As a middle school teacher, I know my students have an increased need for respect, self-determination, and independence. While 6th graders need more scaffolding and support in having authority over their learning than, say, 9th graders, they still need some authority. And let me tell you, as a teacher who struggles with coming up with logical and respectful consequences for mis-behaviors, it is a relief to turn the question back on the student and say, “What do you think the consequence should be?” They almost always are more harsh on themselves than I would be, allowing me to be the good guy who reminds them the goal is growth, not punishment, but it also allows them to take responsibility for changing their behavior because they took part in determining the consequence and learn self-discipline in the process. Not because I had authority. Because we collaborated.
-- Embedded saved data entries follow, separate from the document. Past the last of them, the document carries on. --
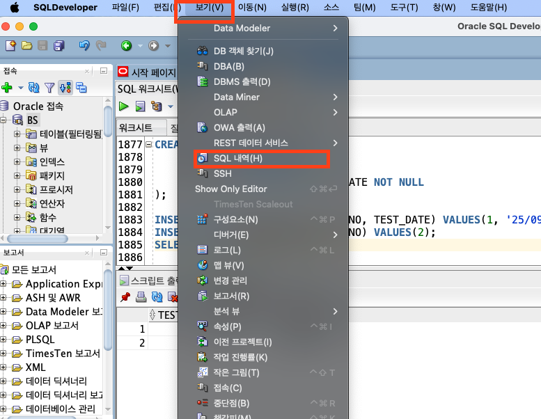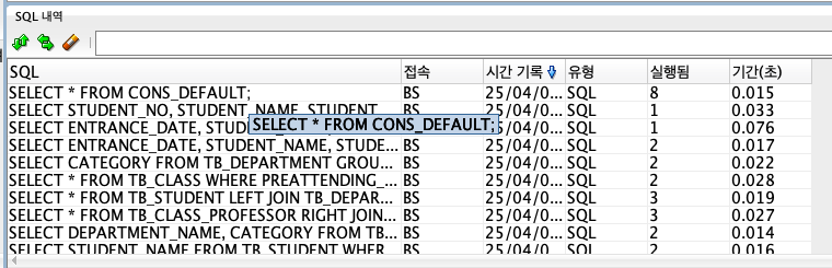 SQL Developer 창에서 보기 -> SQL 내역에 들어간다.
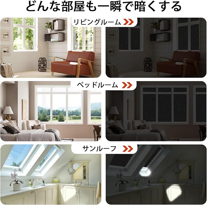 【純黒・超遮光・目隠し効果】Shackomの窓用フイルムは黒色すりガラス調。可視光線透過率0%で、純黒で全面的に不透明なガラスフィルムなので、光を全面的に遮断することができ、窓に貼るだけでお宅の大切なプライバシーをきちんと守ってくれます。夜、カーテンを開いても外から光が通さずぐっすりと眠れ、シフト制の仕事の従業員に最適。赤ちゃん、昼夜逆転の方、光に敏感な方の部屋に最適な窓ガラス目隠しシートです。朝、光漏れが減って優しくなります。夜、カーテンを開いても外から光が通さずぐっすりと眠れます。無カーテン化で部屋がすっきりして広くになります!
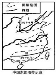 1.根据雨带在I、III地区的时间,可以推论,在一般年份,雨带推移至上海地区的时间大致是:2.如在7月以后,雨带仍未推移进入I地区,我国东部地区将可能产生灾害的状况是
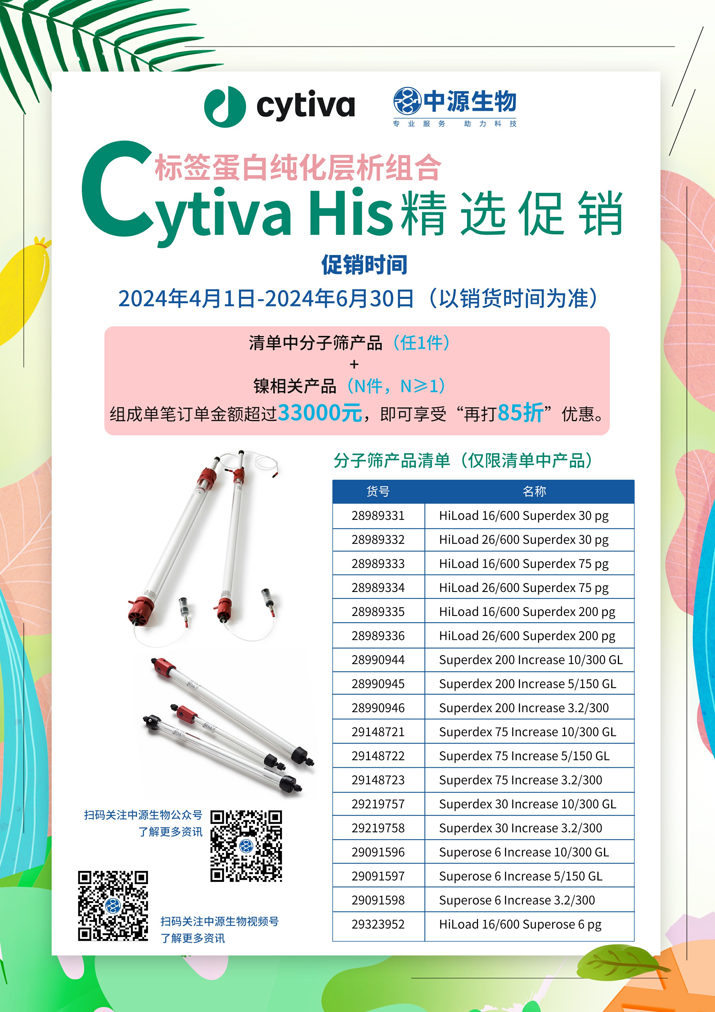 Cytiva分子篩搭配鎳柱及鎳填料大放送購買(mǎi)分子篩產(chǎn)品清單中1件 鎳相關(guān)產(chǎn)品清單中任意產(chǎn)品 組成his標簽蛋白純化組合 單筆訂單金額大于3300...24-04-01
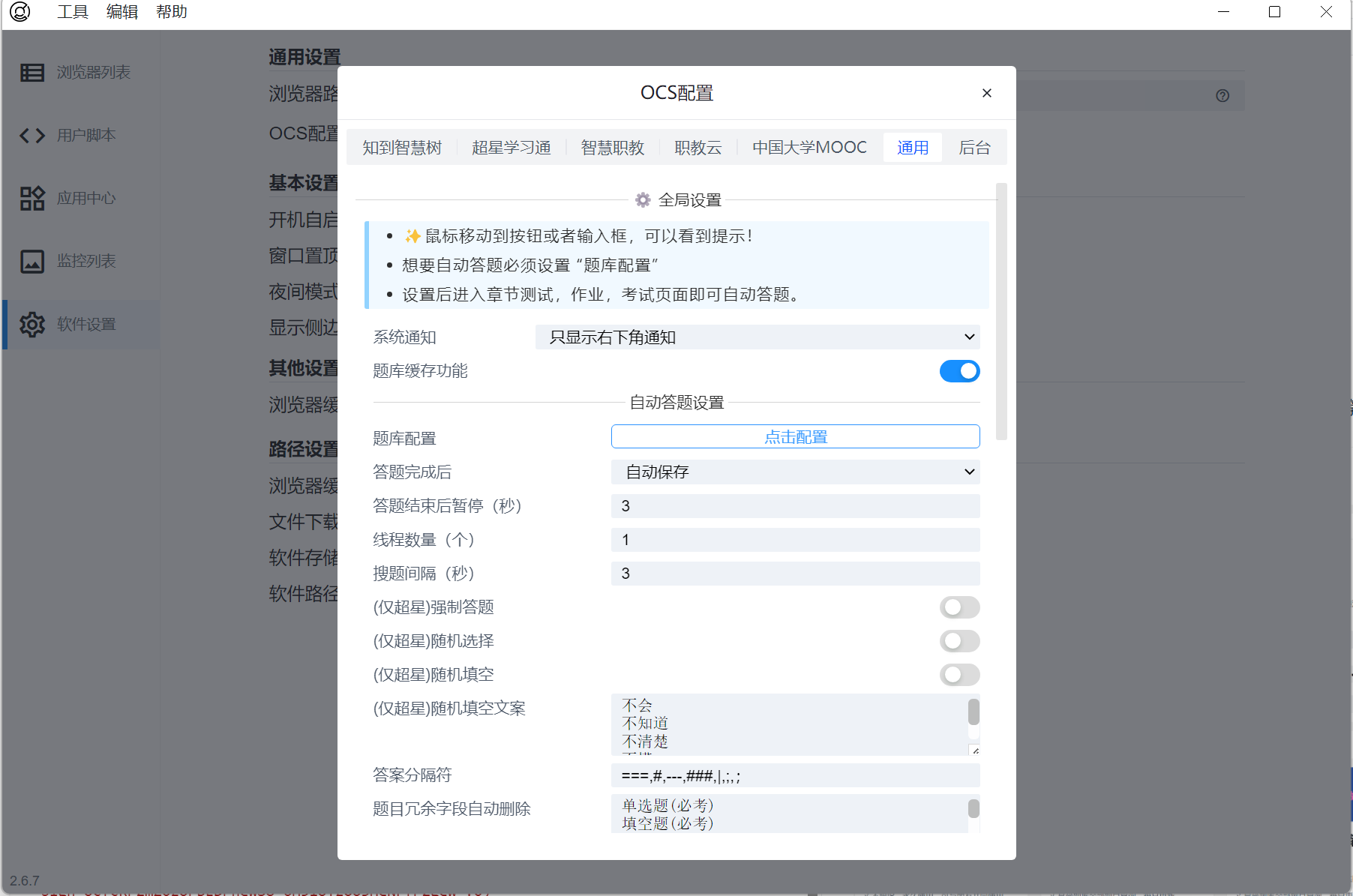 相信大家都会遇到各类平台的网课,如学习通,智慧树,职教云等, 让人非常烦躁这些本就时间紧张还要浪费宝贵流量去刷课,在今天就介绍大家一款好用的工具:OCS网课助手
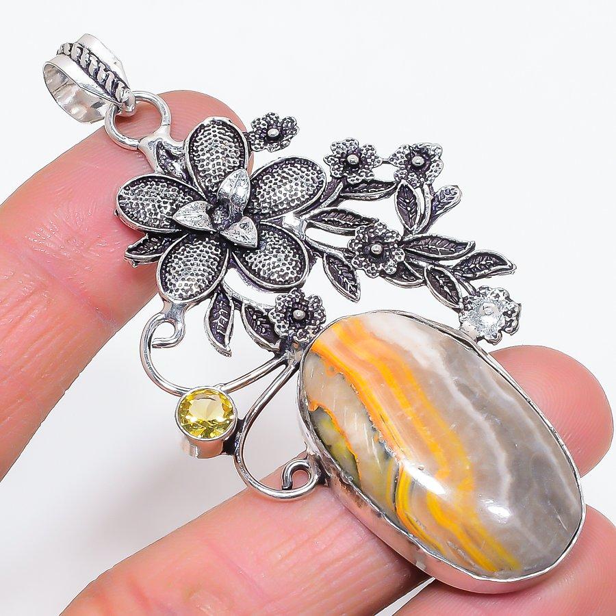 Шмель Яшма, Цитрин Ручная работа 925 Стерлинговое серебро Подвеска 3,27" W5j40
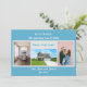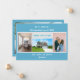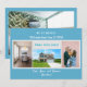 tarjeta de invitación minimalista, elegante, de moda con fotos de 3+1 personalizados, nombres de familiares y el texto "¡Nos hemos mudado! Ven a visitarnos pronto!" + la nueva dirección y número de teléfono fijo en la parte delantera para que lo personalizes. Moderno, de moda azul turquesa pálido con escritura blanca, azul y verde azulada. Tenga en cuenta que puede conservar la tarjeta tal como está, o transferirla a una postal y así mantener sólo el diseño frontal, con tres fotos de cada cuatro.
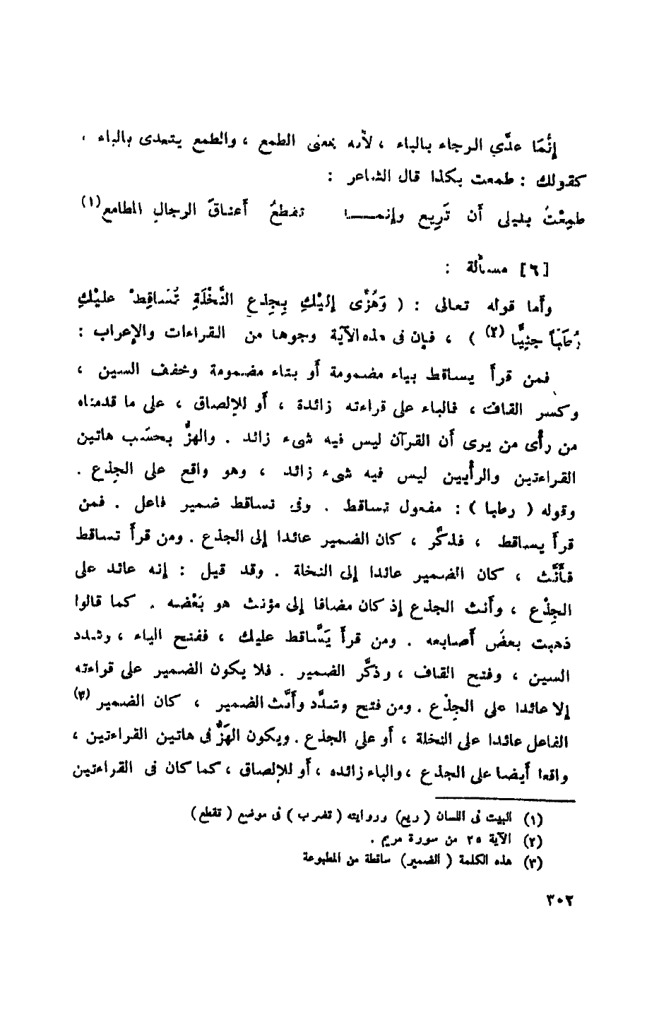 وأما قوله تعالى: (وهزى إليك بجذع النخلة تساقط عليك رطباً جنياً)، فإن في هذه الآية وجوهاً من القراءات والإعراب: فمن قرأ يساقط بباء مضمومة أو بتاء مضمومة وخفف السين، وكسر القاف، فالباء على قراءته زائدة، أو للإلصاق، على ما قدمناه من رأى من يرى أن القرآن ليس فيه شيء زائد. والهز بحسب هاتين القراءتين والرأيين ليس فيه شيء زائد، وهو واقع على الجذع. وقوله (رطباً): مفعول تساقط، وفي تساقط ضمير فاعل، فمن قرأ يساقط، فذكر، كان الضمير عائداً إلى الجذع. ومن قرأ تساقط فأنث، كان الضمير عائداً إلى النخلة. وقد قيل: إنه عائد على الجذع، وأنث الجذع إذ كان مضافاً على مؤنث هو بعضه. كما قالوا ذهبت بعض أصابعه. ومن قرأ يساقط عليك، ففتح الياء، وشدد السين، وفتح القاف، وذكر الضمير. فلا يكون الضمير على قراءته إلا عائداً على الجذع. ومن فتح وشدد وأنث الضمير، كانالضمير الفاعل عائداً على النخلة، أو على الجذع، ويكون الهز في هاتين القراتين، واقعاً أيضاً على الجذع، والباء زائدة، أو للإلصاق، كما كان في القراءتين
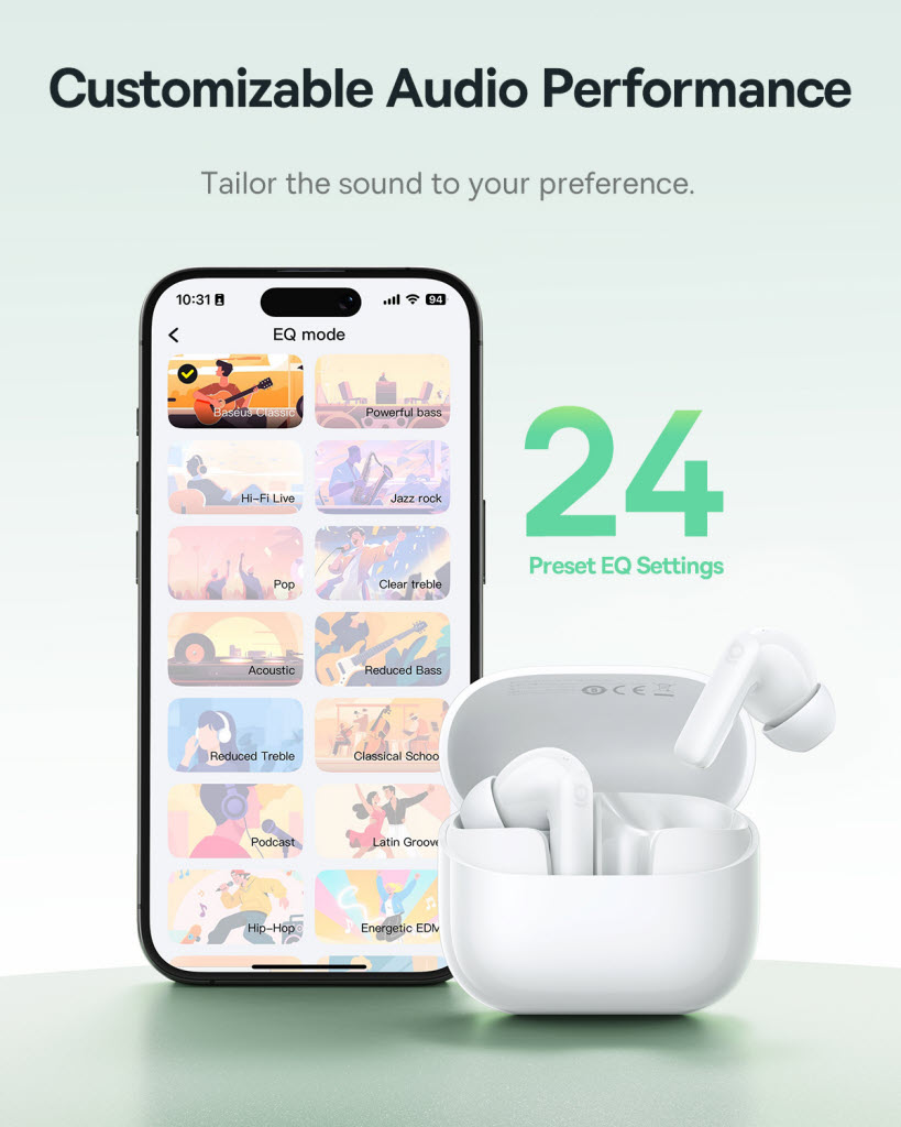 Immerse yourself in powerful, customizable sound with the Baseus Bass BP1 NC In-Ear TWS Earbuds. Featuring 12mm dynamic drivers and 24 EQ presets, they deliver rich bass and precise audio tailored to your music style. Hybrid-ANC technology with -43 dB effectively blocks external noise, creating a quiet, focused listening environment for travel, work, or workouts.

There are many things I love about Responsive Classroom, but their categorization of teacher leadership styles is not one of them. I encourage teachers who are unfamiliar with RC to learn about the methods and philosophies and take the training, if you can. I also encourage teachers who are familiar with RC to think critically about the different aspects, choosing for themselves which benefit their students and which do not. We must all practice learning and unlearning, have the humility to accept when someone else’s way is better, and have the self-respect to stick to our convictions, even when those we respect are telling us to take a different path.